We arrived to the capitol on the fourth of July and were lucky enough to see the red white and blue fireworks on the national mall underneath the Washington Monument. It was a magical start for our week ahead where we were learned the importance of not only our Tibetan identity, but our American identity. Bhuchung la, the vice president of International Campaign for Tibet (ICT), stressed that as Tibetan-Americans we have the right and privilege to advocate for Tibet to our representatives in the American government. Our Tibetan- American identity is important because we have the opportunity to help our brothers and sisters in Tibet through this country. This information was valuable to me because I had always compartmentalized my identity. I was a proud Tibetan and I was a proud American but I  did not think those two were entwined. It was during our mini lobbying day on capitol Hill that made me realize how mistaken I was. We had the honor of meeting with Congressmen, Jim McGovern, and Congresswoman, Betty McCollum, who both went on the Congressional Delegation to China and Tibet with Democratic Leader Nancy Pelosi. Both of these representatives, along with the others we met during the day, demonstrated to me the duty we, Tibetan Americans, have to champion for Tibet. Members of Congress would not have heard or supported Tibet if it were not for His Holiness the Dalai Lama, the persistent Tibetan Americans, and the numerous pro-Tibetan organizations reminding Congress how important these issues are to their constituents.
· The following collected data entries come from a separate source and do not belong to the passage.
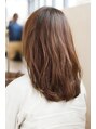大人可愛いミディ。グラデーションカラーで伸びても自然にメルトカラー。チークバング,うぶバング,リップバングも小顔に似合わせカット,パーマはエアウェーブ、デジタルパーマで再現性の高いカール感。ほつれウェーブ,無造作ウェーブ,耳かけ,簡単スタイリング
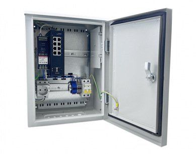 Коммутатор гигабитный 10 портовый уличный; 8xRJ-45 10/100/1000 Мбит/с; 2xSFP Uplink 10/100/1000 Мбит/с; в комплекте оптический кросс: адаптер (розетка) SC/UPC SM 4 шт, КДЗС 4 шт, пигтейлы SM SC/UPC 4 шт, ложемент 1 шт; AC 230В, 20Вт; IP66; -40...+50°C, 300х400х220мм.
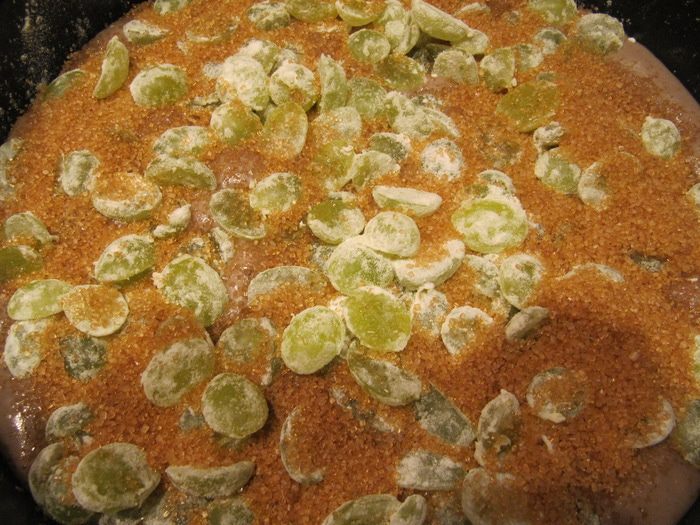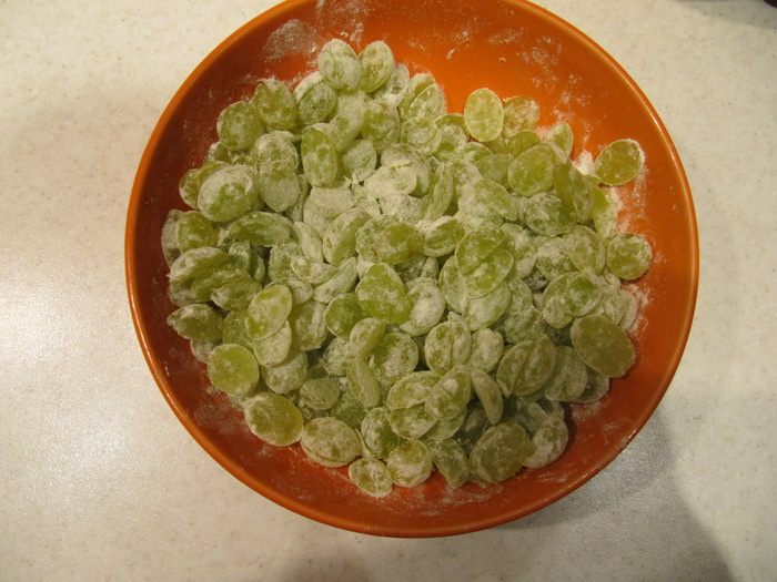 Виноград нарезать на половинки. Смешать с 1 ст. л. муки. Темный виноград больше подойдет для такого пирога. Но у меня был только зеленый, тоже получилось отлично!
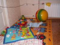 одеялко синтепоновое вполовину сложенное - это "мягкое место", на нем - пенковый коврик-пазл с цифрами (от старшего остался) - это "твердое место" для ползания. рядом - типа резиновый коврик для ванной - это где я лежу, когда хочу полежать ядом. по всему этому делу - подушки, игрушки, огромный меховой далматинец. и все равно ловлю на полу все время...
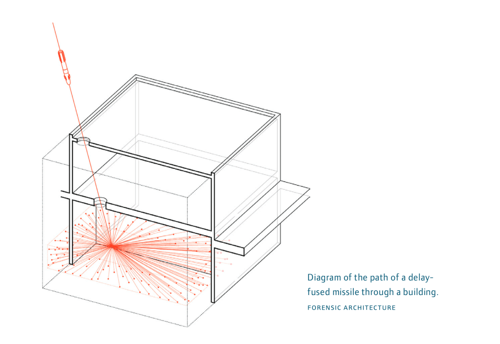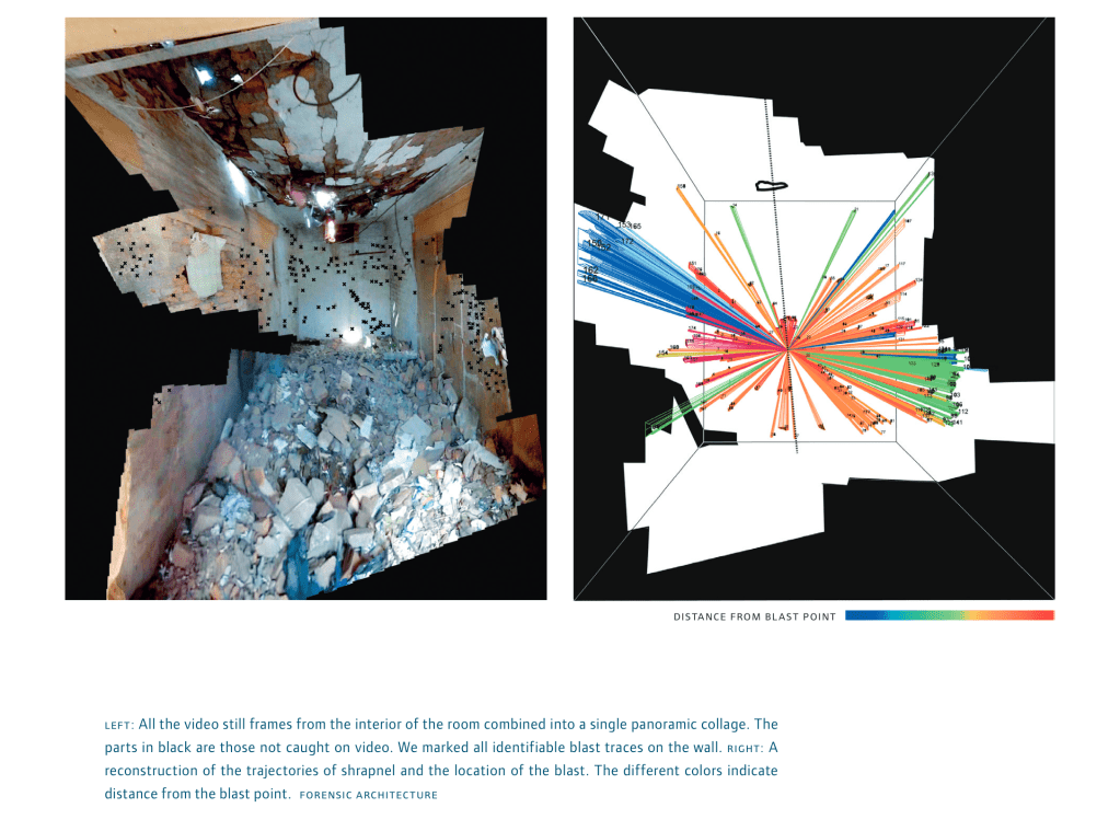 Por eso el trabajo de Weizman y sus seguidores, no consiste en “mostrar” conflictos, sino en reconstruir evidencia allí donde el acceso está restringido, el archivo está dañado y la imagen es insuficiente. Un agujero en un techo, una sombra en un video, la geometría de una explosión, la ausencia de marcas en un muro: todo puede volverse prueba si se lo lee correctamente. La arquitectura deja de ser fondo y pasa a ser forma y figura.
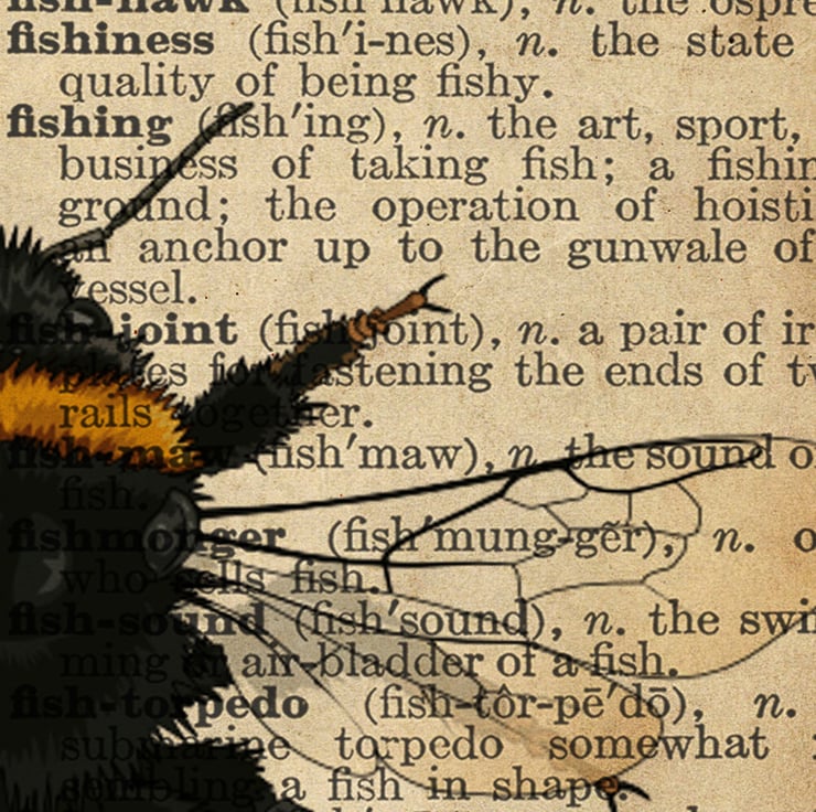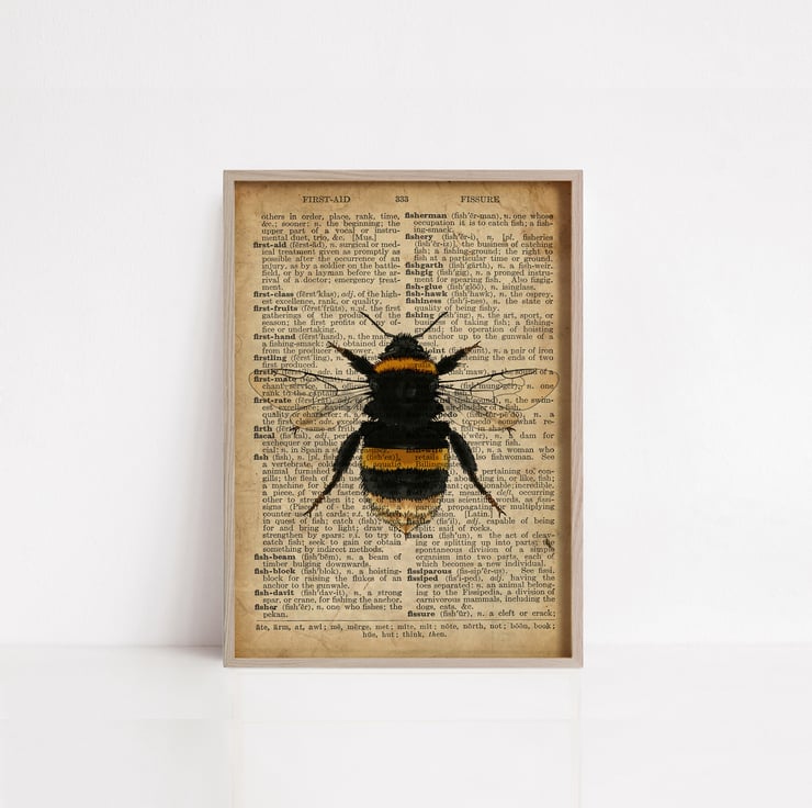 Bumble Bee on old dictionary page print.
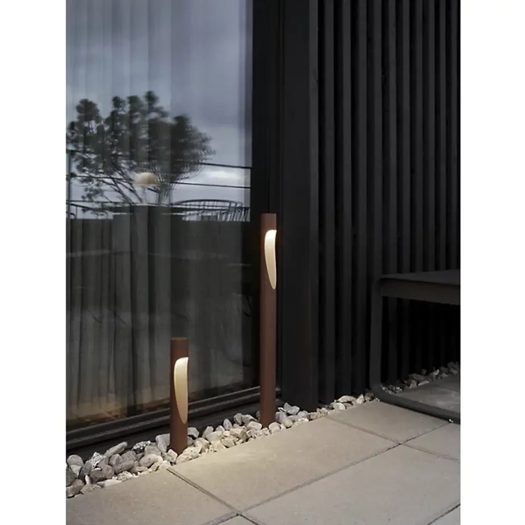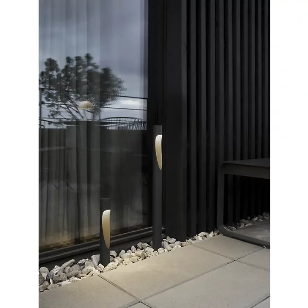 The Flindt Garden Short LED Bollard from Louis Poulsen is the brainchild of award-winning Danish designer and architect Christian Flindt. Designed for outdoor living spaces like private parks, courtyards, and gardens, it provides instant illumination without compromising quality or design. The idea behind its sculptural design originated in 2011 when a refined bollard was needed to illuminate a park next to an exhibition at Kunsthal Brænderigården, now Viborg Kunsthal. The fixture's success led to further development, optimizing material quality, light distribution, and efficiency. Introduced as the Flindt Bollard at the 2014 Light + Building trade fair, it has since elegantly complemented various outdoor settings, offering functional and pleasant illumination while enhancing safety. In 2021, Louis Poulsen introduced the downscaled Flindt Garden bollard, designed for easy on-the-spot installation, significantly improving light quality and design in commercial and residential outdoor spaces. Multiple bollards can be powered by a single power supply, making them ideal for repetitive installations. The flexible and minimalist design blends seamlessly into natural or urban garden environments.
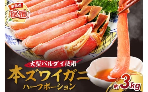 生ズワイガニむき身 ハーフポーション 大型バルダイ使用 約3kg【ふるさと納税3.0】【087B-042】
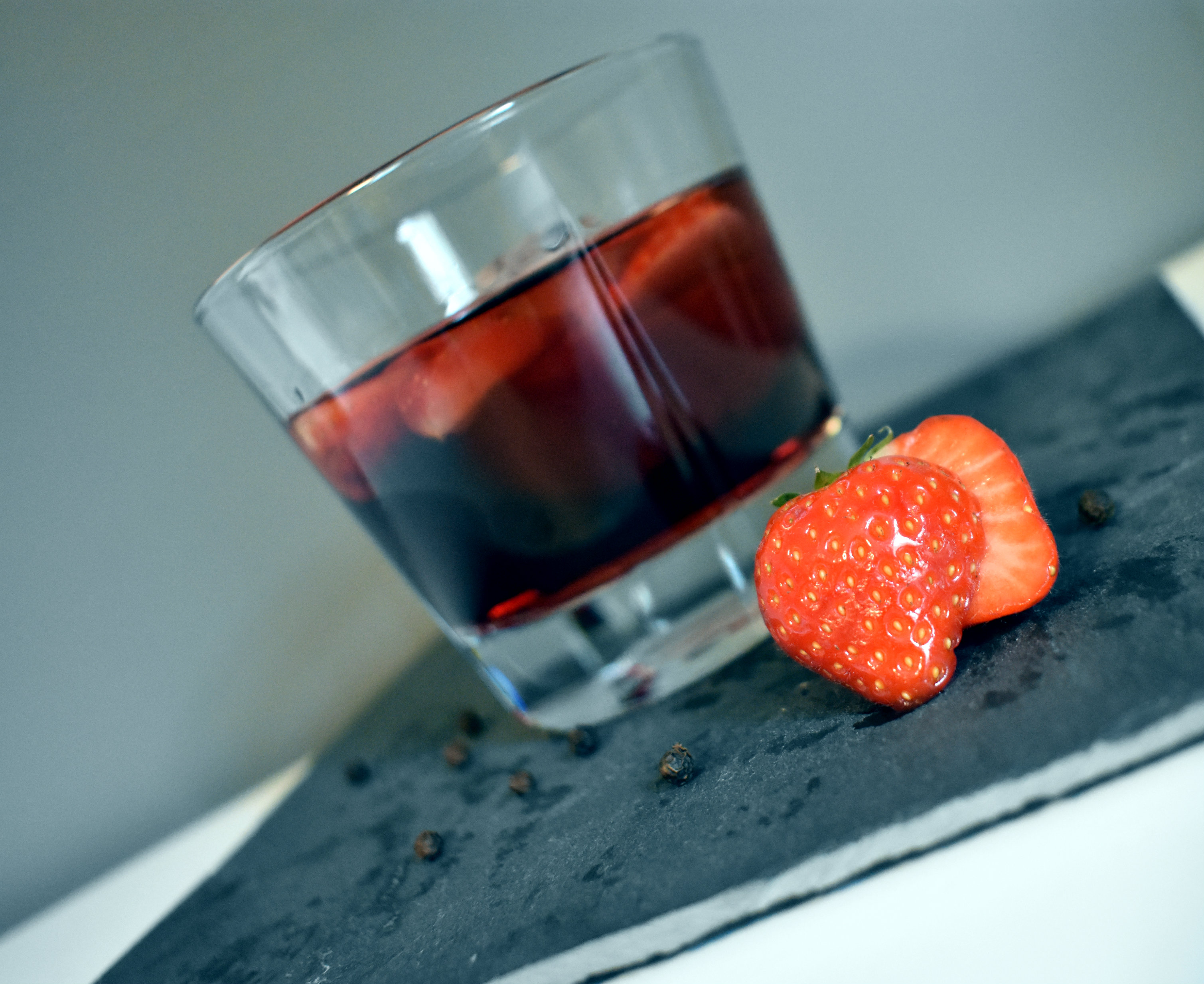 Å soake gin er egentlig ganske interessant, det er morsomt å bruke i ulike cocktails! Her har jeg latt jordbær (i skiver) og røstede pepperkorn ligge med gin en dag før drikking…

IMG_2167Our week was packed with visits to the State Department where we able to attend a media briefing, have an interactive session with Ambassador David Saperstein, and meet with Mr. Todd Stein, a senior advisor to the Under Secretary of State for Civilian Security, Democracy, and Human Rights and concurrently serves as special coordinator for Tibetan issues. We had the opportunity to visit the Tibetan Language Service for both Radio Free Asia and Voice of America where some of my peers were interviewed on air. We went on a White House Tour, had a meeting with the President of the National Endowment for Democracy, and also met Representative Kaydor Aukatsang la during our visit to the Office of Tibet. These were just the few things we were able to do in our busy week.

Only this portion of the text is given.